What's the mole ratio of xCuSO4* xH20? (See The Whole Question)?

Question

From CuSO4*H20, The first weight was 1.57g, when heated, .57g of Suso4 was Left, How many Moles of Water(H20) was Lost?

1g/18g of H2O=.0556g/mol
.57g/(63.55*32.07*16*4) -->> .57/ 130435.104= 4.3699x10^-6

So now we divide both of them by teh lowest mole which for this equation is .0556g, right? But is the CuSO4 right? (The Mole)

Can someone check and answer this? Thank You!

Answer 1

"1g/18g of H2O=.0556g/mol
.57g/(63.55*32.07*16*4) -->> .57/ 130435.104= 4.3699x10^-6"

emm, I dont really understand what u'r trying to do here, molar mass of CuSO4 should be calculate this way:

M[CuSO4] = M[Cu] + M [S] + 4*M[O], not M[Cu]* M [S]*4*M[O].

ANY molar mass has the unit of g mol^-1, not g. If you divide 1g by 18g, u will have a UNITLESS number.

"So now we divide both of them by teh lowest mole which for this equation is .0556g, right?

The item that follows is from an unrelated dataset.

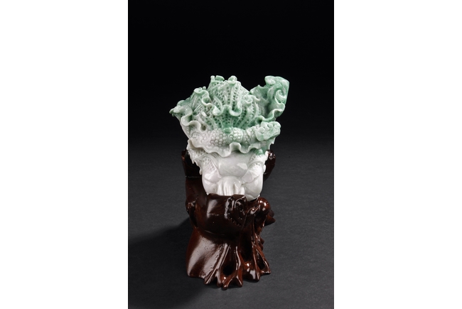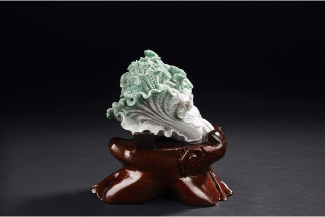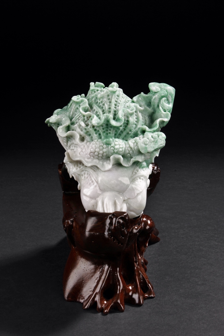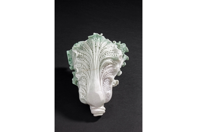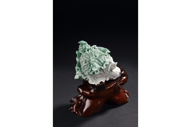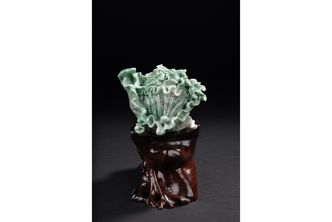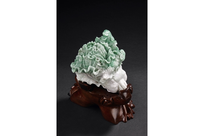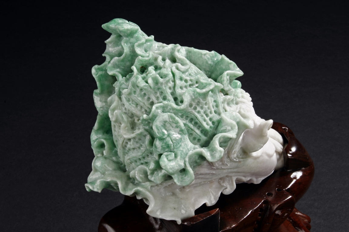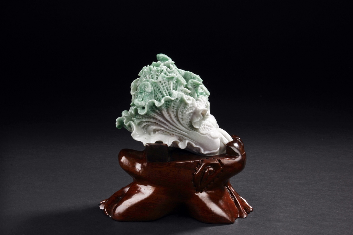 A CARVED JADEITE CABBAGE 翠玉白菜

But is the CuSO4 right? (The Mole)"

it should be 0.0556 mol, not 0556g. No, it's the mole of water lost.

This is what u should do.

find out the MOLAR MASS [unit g/mol] of CuSO4 and H2O [CuSO4 should be around 160 g/mol, H2O should be around 18 g/mol]

then, find out the MOLE of CuSO4 and H2O in the compound by dividing the mass of CuSO4/ H2O by their molar mass.

Then divide the mole of H2O in the compound by the mole of CuSO4 in the compound, find out ur ratio.

the ratio turns out to be 15.6, a very strange number in my point of view [not an integer, and it's a little bit large for this compound]

Answer 2

I looked at your math, and it looks like you are multiplying instead adding up the individual elements in CUSO4 in order to get the formula weight. CuSO4 formula weight would be 63.55 + 32.07 + 4*16.0 = 159.62 . Thus if you have 0.57 g. of the residue left, you would have 0.00357 moles of CuSO4. The ratio of water to CuSO4 would come out as 15.57, which I think is too high and is not an integer. There may be experimental error to consider, though. I hope that helped!